Há dois meses, 2 de maio de 2016, um desses meninos
partiu: o primeiro da esquerda, na foto principal. Faria nesse três de julho
setenta anos: Calil Cunha, o Clóves. A dor cala profunda, dói e percebemos. Os
olhos choram emoções vividas. Por que adeus? Por que o fim? Do quadro, só ficou
a moldura... e muitas lembranças. Este era um poeta introspectivo, escrevia
muito, guardava para si. Era um baú de mágoas, alegrias, tristezas, culpas,
desejos de resgatar erros que são como rios, não voltam mais para se fazer de
novo e melhor.
Só que poeta não morre; transforma-se em borboleta e voa
para o céu... lá longe, onde busca inspiração, entre nuvens, estrelas, luar
prateado...e anjos! Clóves registrou sua passagem, deu seu recado, abriu
sorrisos, fez lágrimas rolarem de emoção. Cativou, amou, brincou com as
palavras, construiu esperanças.
Fragmentos de canções feitas por ele:
ANTIGAS:
“O
meu samba ficou triste//quando você foi embora.//tamborim perdeu o couro//e a cuica sempre chora.

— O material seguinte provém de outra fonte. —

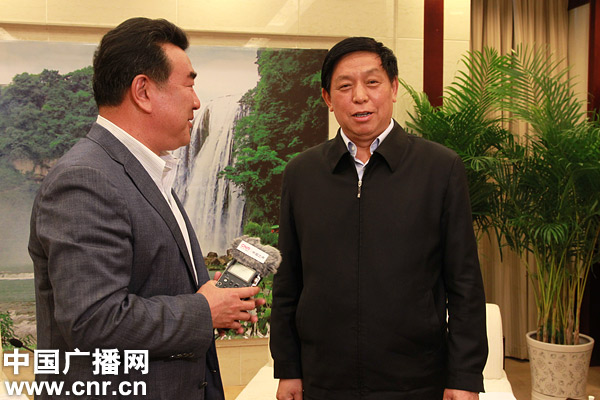 中央臺“走轉(zhuǎn)改”系列報道“傾聽貴州”采訪團(tuán)成員之一,中央人民廣播電臺臺長王求采訪貴州省委書記、省人大常委會主任栗戰(zhàn)書

Carnaval já não existe// no trabalho, perco a hora //o meu samba virou choro //a
saudade me devora.”
( de “O meu samba ficou triste”)
“Vem, amor, solta o corpo e dança//brinque feito criança//que o baile já vai
acabar//
Vem, amor, não fique encabulada//da vida não se leva nada//não há tempo pra
esperar.”
(De “Tristeza não cura solidão”)
ATUAIS:
“Dá-me, amor, a inspiração//para num verso
perfeito//deixar gravada// a mais doce melodia//para quando//meus lábios não
mais cantarem//essa paixão// que vivi// me faça vivo”
(de “Tudo por um verso”)
“Faço meu som de estrada//com voz desconhecida// no eco dos cata ventos// que
trazem a música do tempo//
É sinfonia do acaso// em pautas de anoitecer// só para dizer//que eu amo você
(de “Música íntima”)
“Por que a tristeza, se existe a alegria?
Por que não o riso, dando lugar ao pranto?
Por que a mentira se existe a verdade?
Por que ter inimigos se podemos ter amigos?
Por que o rico não faz o pobre ser menos pobre?
Quero a comida farta,
Para que a palavra fome
Saia de vez do mapa
E da vida dos desvalidos”
(fragmento
de “Por quê?”)
Muitas eram suas indagações.
Porque poeta indaga tanto, meu Deus?
Depois de tudo isso, só posso dizer com muita convicção:
poeta não morre...ele simplesmente voa para uma poesia MAIOR!